BaseModel is extremely efficient even on a single VM with a single GPU for proof-of-concept. For large-scale production workloads, we support multi-GPU and multi-node training for all models. Once the foundation model has been trained, supervised downstream models can be further fine-tuned on multiple disjoint machines or clusters.
Can I use BaseModel to optimize my accounting / manufacturing process / predict the stock market?
No. BaseModel is dedicated exclusively to predicting future behaviors of individuals on a granular level. That requires event-level data attached to the entities we model (i.e., user, customer, subscriber...). In large enterprises, there are many processes which can be optimized. Some of them inherently happen on an aggregate level, where granular event data is unavailable or cannot be attached to a meaningful entity. These are cases which we do not aim to solve. Simple, standard approaches like GBDTs usually work well in these scenarios.
Does BaseModel offer model management such as: model registry, deployment and monitoring?
Our sole focus is on the quality and efficiency of the models we provide. We delegate model management to external solutions of yourchoice, such as Kubeflow, Azure ML & MLOps AWS Sagemaker, Google Vertex, DataBricks and similar.
Does BaseModel combine training data from multiple companies? Can it work even if Ido not have my own data?
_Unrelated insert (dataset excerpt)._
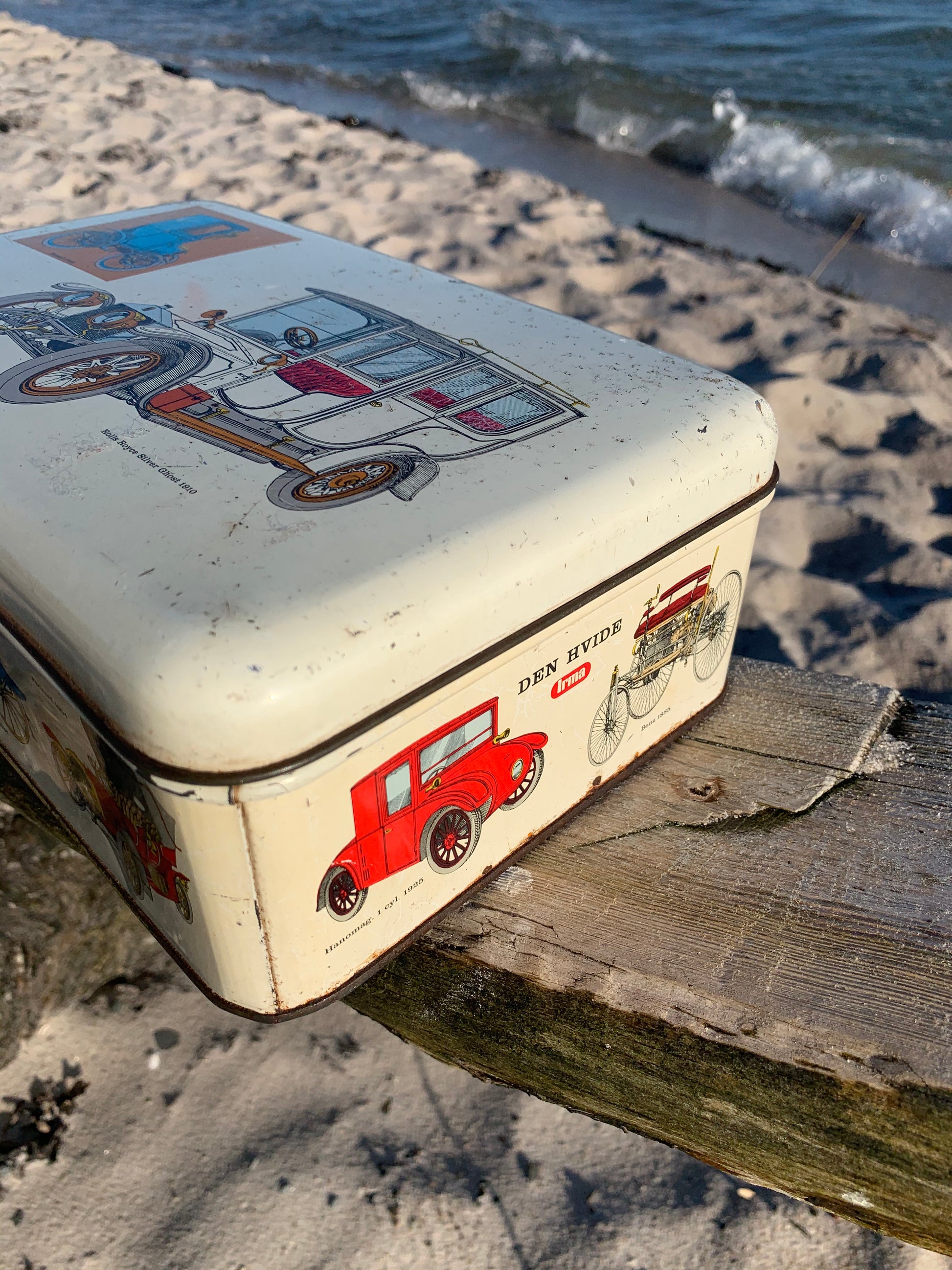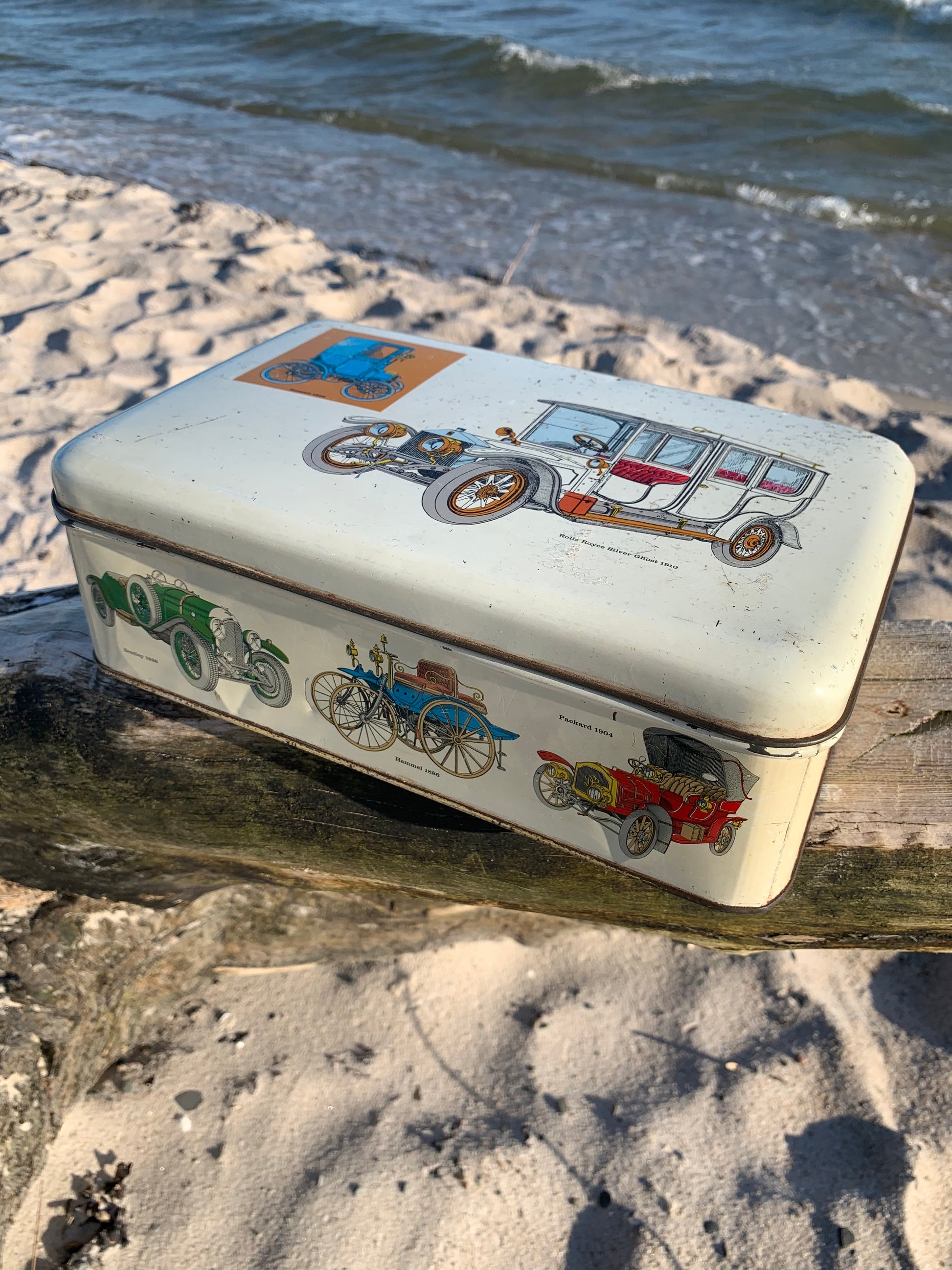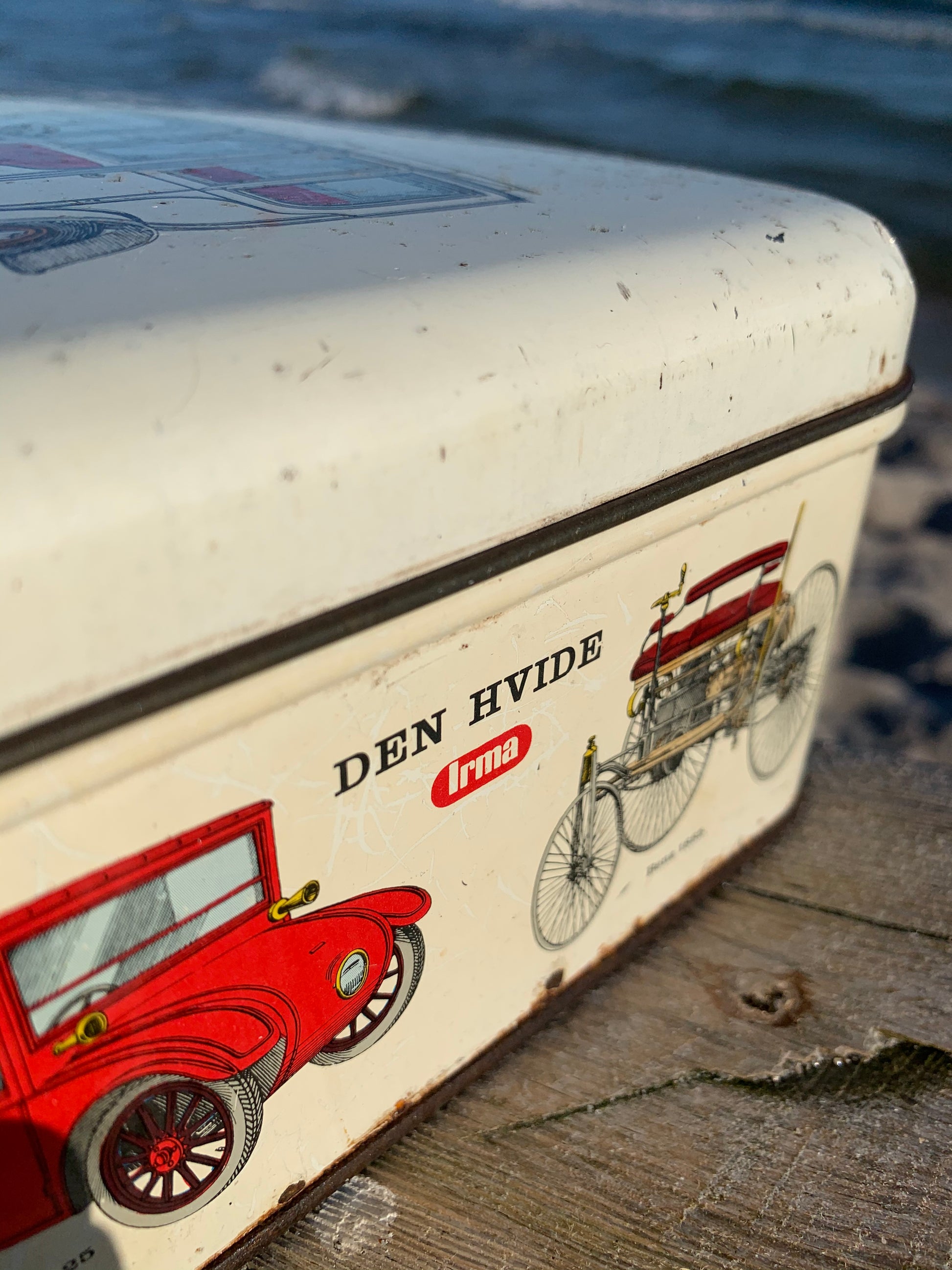 Sjov gammel metalæske fra Irma med bilmotiver.

No. BaseModel is a private foundation model, which means it is trained exclusively on the data you provide. You can even use it on-premises, in a secure air-gapped environment. BaseModel is trained from scratch (the process is RIDICULOUSLY fast) on data you have access to. Every data warehouse looks different, starting with the schema, ending with the breadth, and meaning of data inside it. Using a single model for multiple companies would not make sense. Using a single, unified architecture makes a lot of sense.
Can BaseModel just create features to populate my feature store?
While theoretically possible, this is a bad idea. By putting raw features into a feature store, you would lose many benefits provided by BaseModel: a. Extremely fine-grained, high dimensional representations (100k+ dimensions); b. Fine-grained temporal splits between any 2 historical events; c. Extremely optimized neural architectures suitable for conditional density estimation; d. Capability for precise modulation of the neural networks with exogeneous information; e. What we recommend instead is including your pre-computed features as additional inputs to BaseModel.
Are BaseModel results interpretable?
Yes, much more so than classic models! Classic models based on aggregate features can only provide attribution to the level of an aggregate (e.g., “total spending”, “number of products bought”). BaseModel works with raw event-level data and can provide attribution for every prediction, down to the level of a single event. In other words, if you are wondering what contributed to a particular score or prediction, BaseModel can return the (positive or negative) contributions of every single event attached to the behavioral profile. This allows for unprecedented explainability and insight into the underlying decision process.
Can I have a conversation with BaseModel like with ChatGPT, Bard, LLama?
No. GPT-class models are language foundation models, while BaseModel is a behavioral foundation model. Large language models are great at understanding and generating texts. BaseModel is great at understanding behavioral event data and predicting future events and behaviors. To picture the differences, imagine the contents of Wikipedia versus the contents of an enterprise data warehouse. Both BaseModel and GPT-class models are self-supervised foundation models, outputting probability distributions, and both can be further fine-tuned for supervised tasks.